RAL 110-2 vs Wallflower
Where RAL 110-2 belongs to RAL Effect's range, Wallflower is a Sherwin-Williams color. RAL 110-2 reads as greige-grey, while Wallflower reads as grey — two distinct hue families, not close cousins. RAL 110-2 (LRV 72) reflects noticeably more light than Wallflower (LRV 64), a difference of 7 points that becomes especially apparent in rooms with limited natural light. The ΔE 8.8 gap is real but not dramatic — close enough to use together, distinct enough to matter as a choice. Below you'll find 1 real-room photo comparison where both colors appear side by side, plus 5 simulated room previews.
RAL 110-2 vs Wallflower in Real Spaces
1 real room side by side. RAL 110-2 and Wallflower are close enough that the difference can be hard to judge from a chip alone — these photos show how each reads at scale, across different spaces and lighting conditions.
House
Seen across an entire facade, subtle tonal differences become pronounced. What reads as nearly the same on a chip often reads as clearly different at scale. RAL 110-2 reads slightly lighter here — a subtle but real difference in how open the space feels.
Color Details
RAL 110-2 vs Wallflower Simulated Comparison
5 simulated room previews — drag the slider on each to see RAL 110-2 on one side and Wallflower on the other.

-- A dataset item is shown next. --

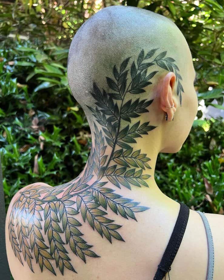 If you want to get creative, vines can host all kinds of symbols. Snakes entwined with vines bring protection and power to the piece, which adds a whole other layer of meaning. Mandalas paired with vines create a balanced, spiritual vibe — some artists even use blackout work around the mandala to make everything feel bold and centered. There are also designs where the vine flows from the shoulder across the back and up to the base of the skull, with colored leaves and thicker lines that map perfectly to the body’s curves. These unusual options show how flexible vine tattoos can be if you want to make one truly your own.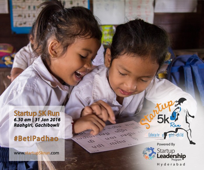 Social media posters designed for the Startup 5K Run organized by the Startup Leadership Program Hyderabad, held at Raahgiri on 31 January, 2016. All proceeds from the Run were donated to various non-profit foundations promoting the education of girls from disadvantaged backgrounds.

Digital color is approximate. These simulations are generated from the manufacturer's hex values and overlaid on grayscale room photos — your screen's calibration, brightness, and viewing angle all affect how they render. Before committing to either color, test physical samples in your own space under the light you actually live with.
More RAL 110-2 comparisons
See how RAL 110-2 stacks up against other well-photographed colors across different brands and tones.